The Financial Industry Regulatory Authority has been intensifying efforts to crack down strongly on broker-dealers for poor e-mail oversight. In 2013, FINRA fined a financial advisory firm a whopping US$7.5 million for 35 significant failures in e-mail oversight over a five-year period and in 2017 a Broker-Dealer was fined $2 million for failing to properly supervise email messages. FINRA found that during a nine-year review period, the firm’s email review system was significantly flawed, allowing millions of emails to evade meaningful review. This created the unacceptable risk of such misconduct by firm employees going undetected.
The 2019 Report on Examination Findings and Observations released by FINRA brings to light the rapidly growing compliance challenges and risks for financial institutions in their increasing use of unified communication and collaboration tools. The report states, “If a firm permits its associated persons to use a particular application — for example, an app-based messaging service or a collaboration platform — the firm must preserve records of business-related communications and supervise the activities and communications of those persons on the application.”
Thus, it creates a mandate on broker-dealers to store e-mail correspondence and to form written policies and procedures regarding the e-mail review process considering the establishment’s size, structure, and customers.
The objective behind email surveillance is to make certain that the employees and C-level executives are not indulging in any transgression. Sometimes employees are found guaranteeing a rate of return and engaging in undisclosed external activities resulting in breach of SEC and FINRA regulations.
Email surveillance provides an opportunity to monitor employees’ adherence to the firm’s written communications policy but email surveillance can also serve as a tool to effectively ensure that they are not indulging in unlawful activities, including insider trading, sharing of proprietary information, distribution of unapproved and non-compliant marketing materials, and potentially fraudulent statements.
Since employees would know they are being watched, they are very unlikely to use obvious words. Therefore, compliance directors should prepare a list of words or phrases based on their discussions with business line managers and their other industry peers that they believe could be used by employees to game the email monitoring system.
For instance, checking e-mails for phrases such as “Let’s take this offline or let’s use my personal email’ are red flags that the employee could be engaged in an illegal activity.
The first step to the right compliance program is to use the right technology to ensure comprehensive and customizable reporting.

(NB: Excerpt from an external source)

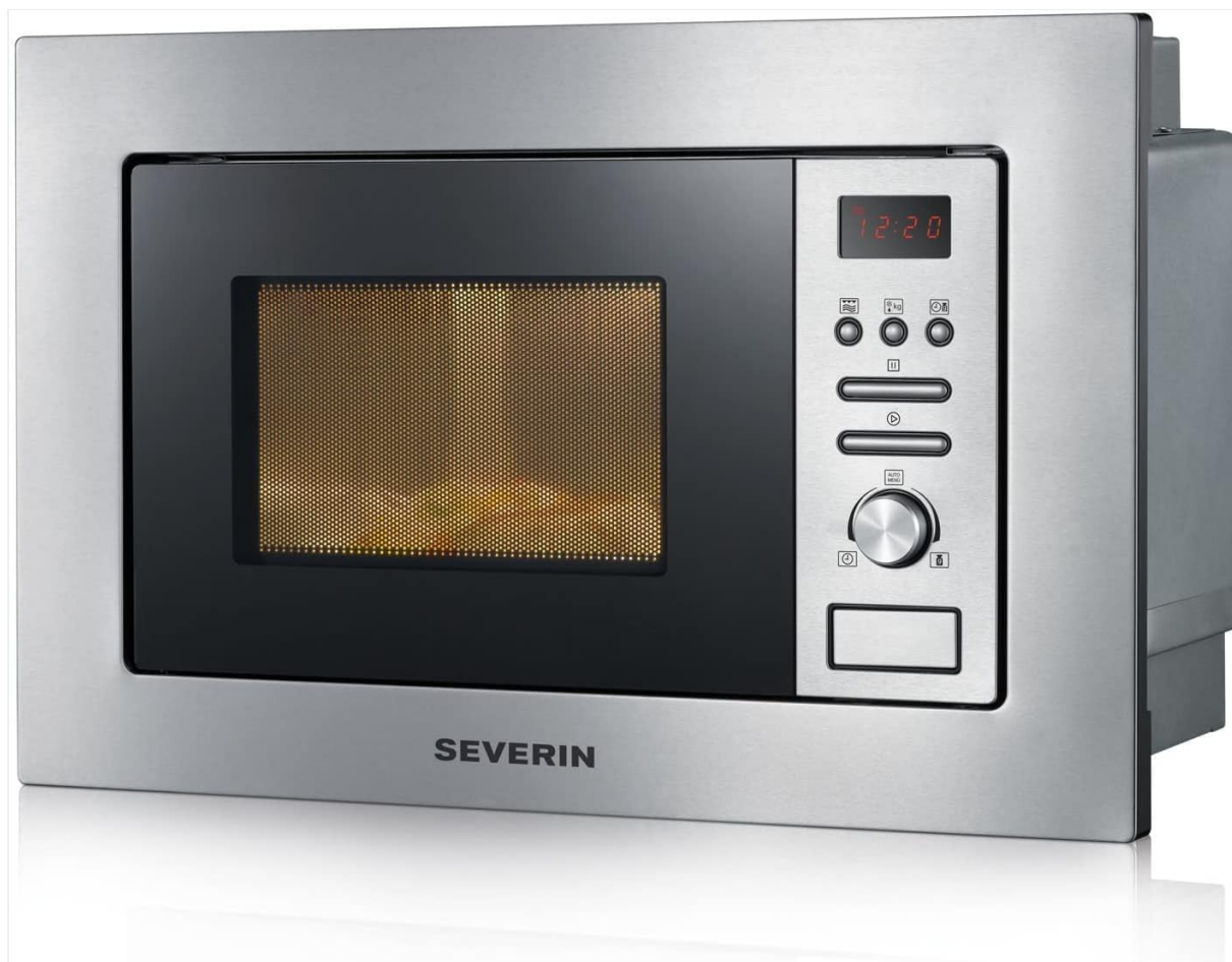
The interior of the microwave, featuring the removable glass turntable for even cooking.

There are some effective regulatory compliance programs in the market that offer Anti-Money Laundering (AML) screening software solutions and email archiving products to securely archive your business emails.
While choosing a service provider caution must be exercised to ensure the vendor has supervisory capabilities to automatically flag emails containing words or phrases that are likely to warrant a review. It is also important to note that regardless of the provider selected, it is the broker-dealers alone who are responsible for implementing an annual review of e-mails and storing the results. The review can be conducted either internally or through a third-party expert.
A review of the entire email oversight process should be done if the firm has been sanctioned, fined or being investigated for any other wrongdoing. FINRA will be checking into e-mail correspondence to determine whether the firm has violated any other regulations.